Она произнесла это как «Пинни».
– Почему Пенни? – спросила я.
– Не знаю. Терпеть не могу пенни. В детстве мы зарывали их в землю, и они зеленели, а если положить монетку в рот, у нее ужасно противный вкус. Фу, гадость. До сих пор не могу забыть. Элис, Элис, Элис. Постараюсь не забыть. Я плохо запоминаю имена.
– Если хотите, могу написать «Элис» перманентным маркером у себя на лбу, – предложила я.
Она испустила короткий безрадостный смешок.
– Тебе надо познакомиться с Фрэнком. Думаю, ты ему понравишься. Он любит девушек со светлыми волосами. Даже некрасивых.
Грубо, зато честно. Я не красивая. Зато организованная и старательная. Почти никогда не жалуюсь. С шестнадцати лет работаю на паршивых работах, которые научили меня, что безделье – удел неудачников и что не стоит обижаться на оскорбления людей, которым ты подаешь пончики. У меня очень красивые волосы. Густые, светлые и блестящие по всей длине, до самой талии. Двух моих прадедушек звали Вард и Торссон, так что сами понимаете. Тем не менее открою вам секрет. Такие красивые волосы – обуза. Я всегда боюсь, что люди, увидевшие меня со спины, жестоко разочаруются, когда я повернусь к ним лицом. И все же я не такая дура, чтобы избавиться от лучшего, что во мне есть.
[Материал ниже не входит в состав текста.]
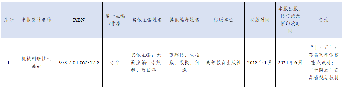 根据《省教育厅关于做好普通高等教育本科国家级规划教材推荐申报工作的通知》(苏教高函〔2026〕1号)要求,我院组织开展了申报推荐工作。经个人申报、所在单位推荐、学院党政联席会审定,拟推荐《机械制造技术基础》为普通高等教育本科国家级规划教材,现对拟推荐教材的相关信息进行公示。
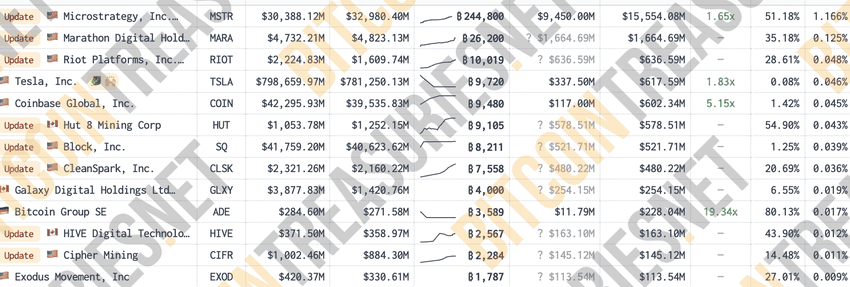 - MicroStrategy (MSTR): MicroStrategy биткоинның ең ірі корпоративтік иесі болып табылады. Вирджиния штатында орналасқан бизнес-аналитикалық бағдарламалық жасақтама өндірушісі қазіргі уақытта өз қазынасында 244 800-ден астам BTC ұстап отыр. MicroStrategy-ді негізін қалаушы және бас директор Майкл Сейлор басқарады, ол өзі ең көп биткоин ұстайтын жеке тұлға атағына үміткер.
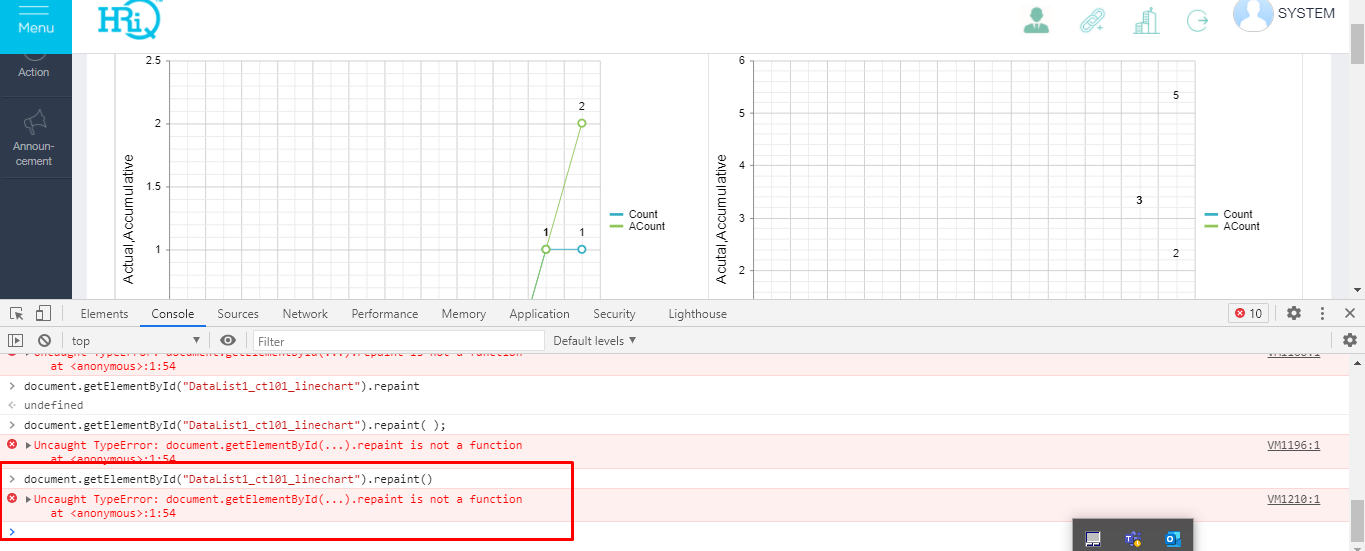 The repaint() method is part of the client-side object of RadHtmlChart thus it cannot be accessed through its html element:
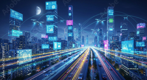 Futuristic city with digital information interface, smart technology, and communication network, showcasing innovation and connectivity
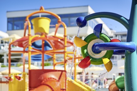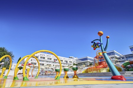 Plaža: Do stjenovite plaže s kamenim površinama, hladnjacima za ležanje i velikim toboganom za vodu (uz nadoplatu) ima oko 80 m kroz park.
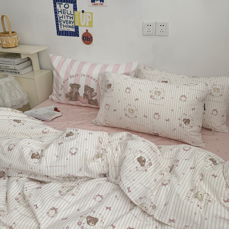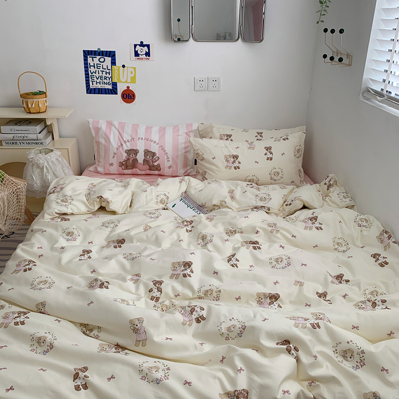 柚可家居 2024新款40支纯棉活性印花四件套-小熊系列-实拍图第二组 奶油小熊蝴蝶结粉
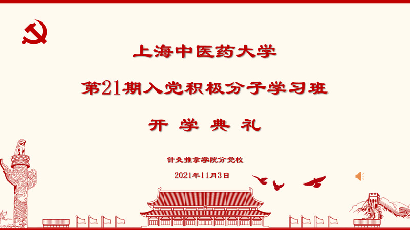 11月3日下午 ,由河豚直播足球 分党校承办的上海中医药大学第21期入党积极分子学习班开学典礼在6402教室顺利举行。学校党校副校长金晶、河豚直播足球 党总支书记陈秋生、河豚直播足球 组织员宋莉君及本期学习班94名学员参加本次开学典礼。宋莉君担任本期学习班班主任并主持会议。
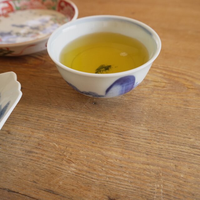 お茶を注ぐと、内側の白と青がやさしく溶け合い、日常のひと息を、少しだけ特別な時間に変えてくれる存在です。湯呑み代わりや、小さなおかずにも。
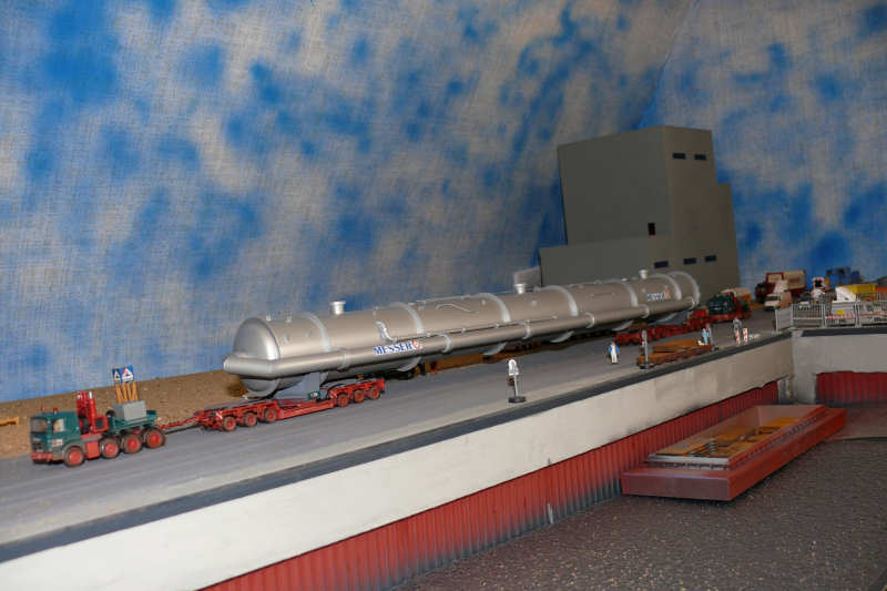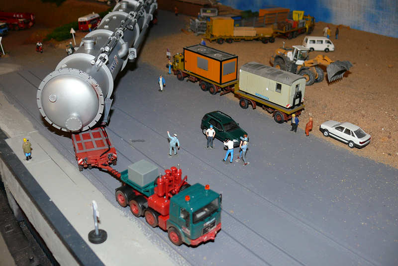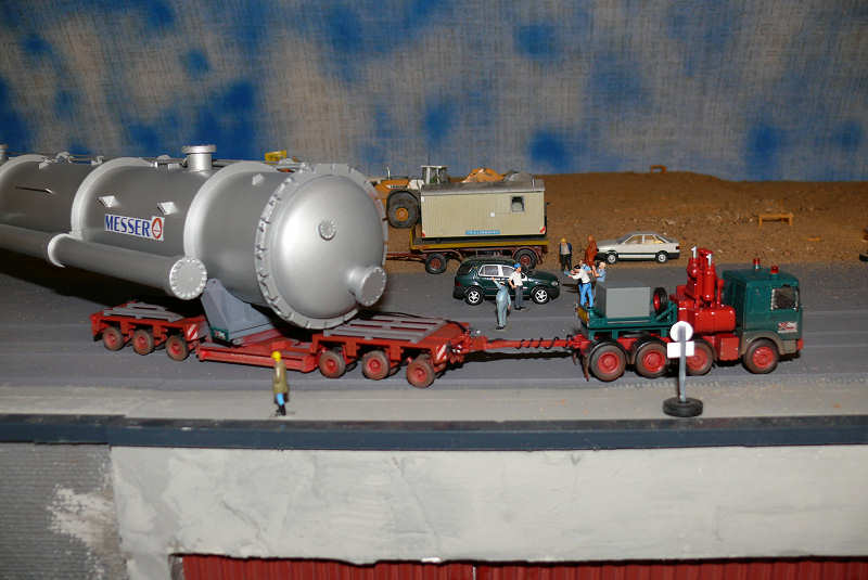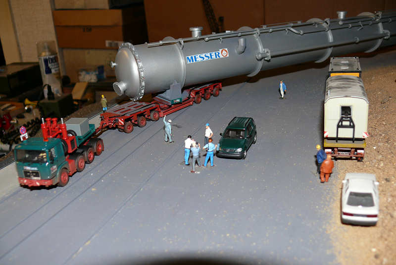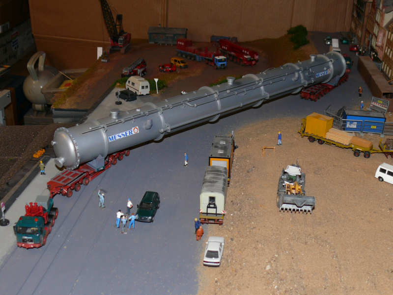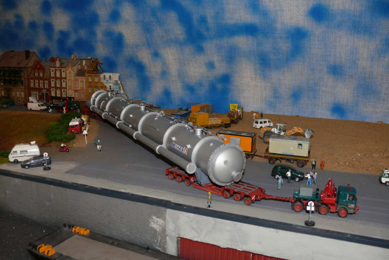 Der Transport stellt ein Modell der 63 m langen und 110 t schweren Trennkolonnenbox dar.

Фрэнк поднял с земли зеленый персик с бархатистой кожицей, провел им по щеке и стал перебрасывать из руки в руку, а когда наскучило, зашвырнул несчастный фрукт на крышу и проследил взглядом за траекторией, точно сожалея, что не может последовать за ним. После этого он покружился на месте, подняв лицо к небу, и прогулочным шагом направился к дорожке. Там он встал на скейтборд и подкатил к крыльцу, расставив руки для равновесия. С неуклюжей грацией спрыгнув с доски, он танцующей походкой прошел по гостиной, не обращая на нас никакого внимания.
– Что ты делал возле машины? – спросила у него мать.
– А, ты имеешь в виду почтовую карету? Я ее грабил. Потому и назвал тебя «ма». Для исторической достоверности. Во времена почтовых дилижансов люди называли своих мам именно так.
– Я бы попросила тебя не называть меня «ма». Мне кажется, это слово больше подходит беззубой старухе.
Фрэнк хотел прошмыгнуть мимо матери, но та поймала его за плечо и развернула ко мне.
– Погоди, ковбой. Ты ничего не заметил?
– Дверь снова работает.
– А девушка?
– Эта?
Он ткнул пальцем в мою сторону, глядя куда-то мимо меня. Может, у него плохое зрение?
– Кто она такая?
– Кто-кто. Пенни.
– Элис, – сказала я. – Меня зовут Элис.
– Что еще за Элис? – спросил Фрэнк, посмотрев на рояль.
Возможно, он подумал, что Элис – невидимая сущность, которая приводит в движение клавиши инструмента.
– Элис – это я, – представилась я.
– Что она здесь делает?
– Все, на что у меня теперь не будет времени, – пояснила М. М. Бэннинг.